With a distinctive swinging voice and intensity in her style, Pittman was a brilliant scat singer who turned insipid novelty tunes and light pop into definitive, jazz based treatment. Her first great hit was Tristeza, recorded in 1966, which gained her instant recognition in South America, though she never had a huge hit like Astrud Gilberto's Garota de Ipanema. During the 60s and 70s, she toured throughout Brazil, Italy, France, Japan, US, Spain and Venezuela. In 2001, Pittman opened a new tour starting from Rio de Janeiro.
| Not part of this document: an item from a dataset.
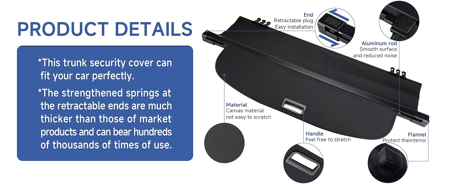 [Superior Material] Trunk lid for 2018 2017 2016 JEEP Cherokee, is made of aluminum alloy and high density waterproof canvas strong, load-bearing capacity, scratch resistant, tear resistant, high temperature resistance, easy to clean.The ends of the cargo cover bars are covered with soft fleece, It can avoid friction noise generated during driving and protect the interior from damage.

Since then, she has been alternating moments of reclusion and some activity as a TV actress.

Selected discography
Eliana & Booker Pittman – News From Brazil (Odeon/Paradise Masters, Brazil, 1963)
Eliana Pittman  (Odeon/Amazon, Brazil, 1972)
Quem Vai Querer (RCA, Brazil, 1977)
Soul Of Brazil – Funk, Soul, & Bossa Grooves 1965 to 1977 (EMI/Odeon, France, late 1970s)

Selected filmography 
 1966 Run for Your Life as singer
 1971 The Sandpit Generals as Dalvah
 1986 Jubiabá
 2005 América as Rainha do Forró
 2010 Tempos Modernos as Miranda Paranhos
 2012 Preamar as Da Guia
 2013 Sangue Bom as Chica
 2019 Girls from Ipanema as Elza

Sources
Dusty Groove 

Loronix blog spot
 

1945 births
Living people
Bossa nova singers
Brazilian actresses
20th-century Brazilian women singers
20th-century Brazilian singers
Brazilian people of German descent
Brazilian people of American descent
Actresses from Rio de Janeiro (city)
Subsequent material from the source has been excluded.